Gidon Bromberg, Nader Al-Khateeb And Munqeth Mehyar

The Holy Land is dying of thirst. Israel, Jordan and the Palestinian territories may once have been lands of milk and honey, but their fragile, semidesert ecosystem has been unable to withstand 60 years of overdevelopment, let alone war and occupation. The Jordan River is full of raw sewage. The Sea of Galilee is at its lowest recorded level, and the Dead Sea is drying up. One of the most passionately contested parts of the world, it is also one of the worst treated.

Friends of the Earth Middle East (FoEME) sees that plight as an opportunity. The joint Israeli, Jordanian and Palestinian environmental organization got its start in 1994 trying to put environmental issues onto the peace process agenda. But after peace talks collapsed in 2000 with the advent of the second intifadeh, FoEME turned that strategy on its head and started using environmental activism to foster peace. At a time of almost zero cooperation between Palestinians and Israelis, FoEME was building partnerships between Arab and Israeli communities in the Jordan River valley to teach water conservation, while also pressuring national governments to take action against pollution, overpumping and other wastes of water. FoEME projects such as Good Water Neighbors encouraged local leaders to reach out across conflict lines and make contact for the first time with local politicians on the other side. It was a step, says Gidon Bromberg, Israeli director of FoEME, toward creating an atmosphere of trust and respect that serves the broader goal of peace.

FoEME also hopes environmental activism will show Israelis, Palestinians and Jordanians how their national destinies are inextricably linked. Any future Palestinian state will be dead on arrival unless it can negotiate the means to develop its own water system. Likewise, if Israelis want to fulfill the old Zionist imperative "to make the deserts bloom," they need to help the whole region live within the limits of a dry and vulnerable ecosystem. As for Jordan, it only stands to gain from a more rational apportioning of the Jordan Valley's scarce water supply. "We share the same environment, particularly the same water resources," says Bromberg. "And if we don't start working together, we're not going to have an environment."

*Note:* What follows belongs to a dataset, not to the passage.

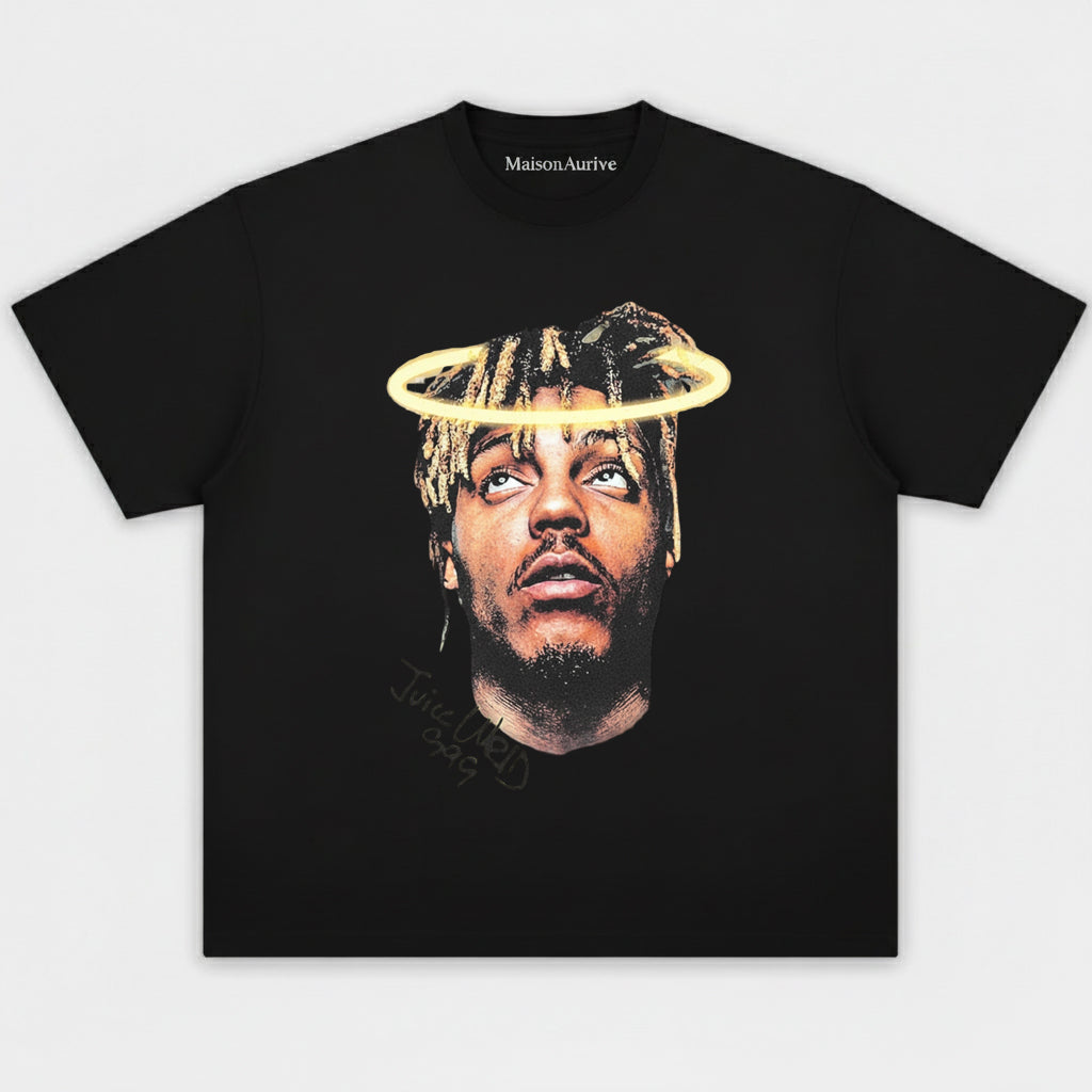 MaisonAurive ウォッシュド ヒップホップ T シャツ – Halo ポートレート ウォーターウォッシュド グレー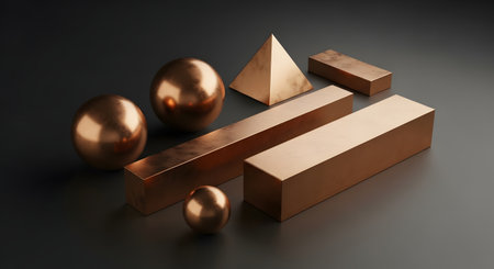 A still life arrangement of various polished copper geometric shapes, including spheres, rectangular prisms, and a pyramid, on a dark background.

To highlight this interdependence, FoEME and architects from Yale University have developed plans for a Jordan River Peace Park. In coming years, they intend to create an ecologically protected zone on an island in the middle of the river, where Jordanians and Israelis could meet without passports or visas. (Unfortunately, Israeli travel restrictions may prevent Palestinians from going there.) FoEME hopes such ecotourism projects will replace water-thirsty industries such as agriculture in rural areas. The proposed park would also be a tangible way of fighting the mistrust that pushes countries to grab as much water as they can. "War will not generate water," says Nader Al-Khateeb, the Palestinian director of FoEME. "But peace can."